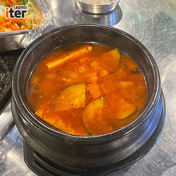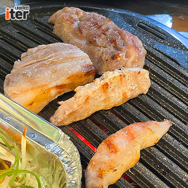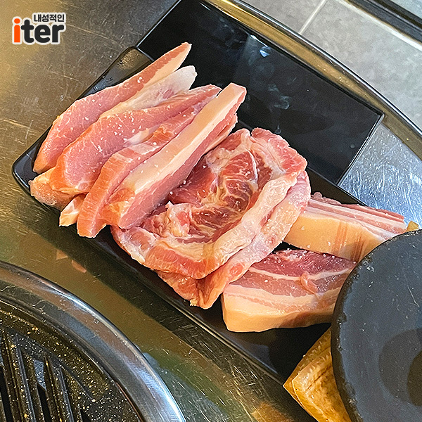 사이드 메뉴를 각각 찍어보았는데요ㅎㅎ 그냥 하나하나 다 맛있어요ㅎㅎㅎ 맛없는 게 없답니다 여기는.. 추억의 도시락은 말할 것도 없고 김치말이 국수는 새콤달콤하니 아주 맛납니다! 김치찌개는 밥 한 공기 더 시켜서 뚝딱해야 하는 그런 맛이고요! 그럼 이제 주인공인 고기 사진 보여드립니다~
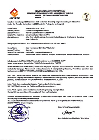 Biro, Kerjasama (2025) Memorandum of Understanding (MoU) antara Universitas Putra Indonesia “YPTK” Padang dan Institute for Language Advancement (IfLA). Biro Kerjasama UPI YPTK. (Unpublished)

---

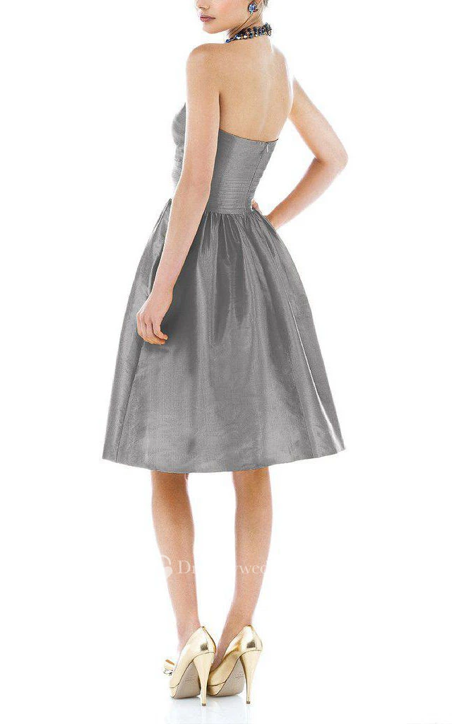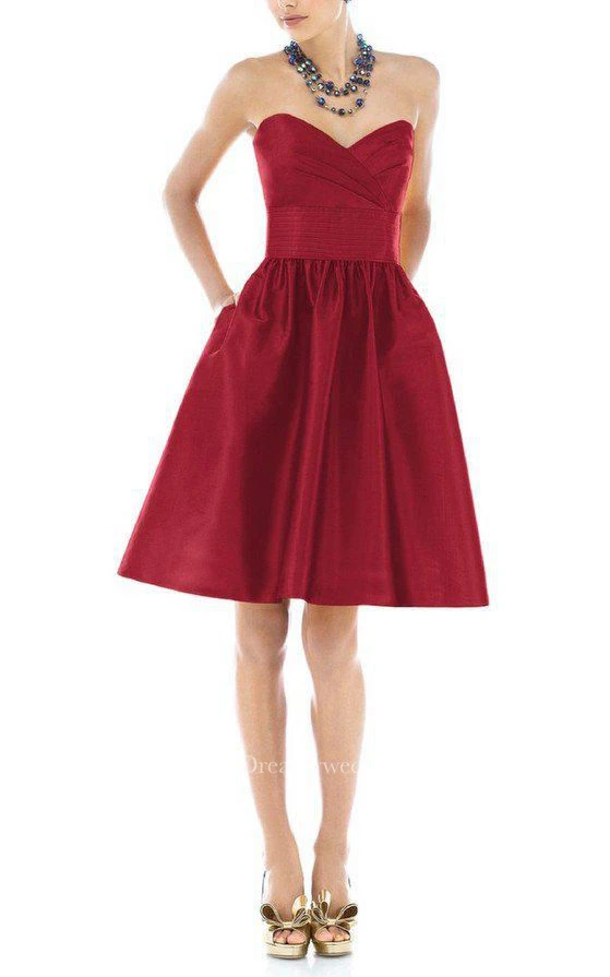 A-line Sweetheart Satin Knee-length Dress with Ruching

■ WORK TASK ■
In the data above, find the line containing "사이드 메뉴를 각각 찍어보았는데요ㅎㅎ" and the line containing "Biro, Kerjasama (2025)". Repeat those two lines and everything between them exactly, minus the pictures.

■ RESULT OF THE TASK ■
 사이드 메뉴를 각각 찍어보았는데요ㅎㅎ 그냥 하나하나 다 맛있어요ㅎㅎㅎ 맛없는 게 없답니다 여기는.. 추억의 도시락은 말할 것도 없고 김치말이 국수는 새콤달콤하니 아주 맛납니다! 김치찌개는 밥 한 공기 더 시켜서 뚝딱해야 하는 그런 맛이고요! 그럼 이제 주인공인 고기 사진 보여드립니다~
 Biro, Kerjasama (2025) Memorandum of Understanding (MoU) antara Universitas Putra Indonesia “YPTK” Padang dan Institute for Language Advancement (IfLA). Biro Kerjasama UPI YPTK. (Unpublished)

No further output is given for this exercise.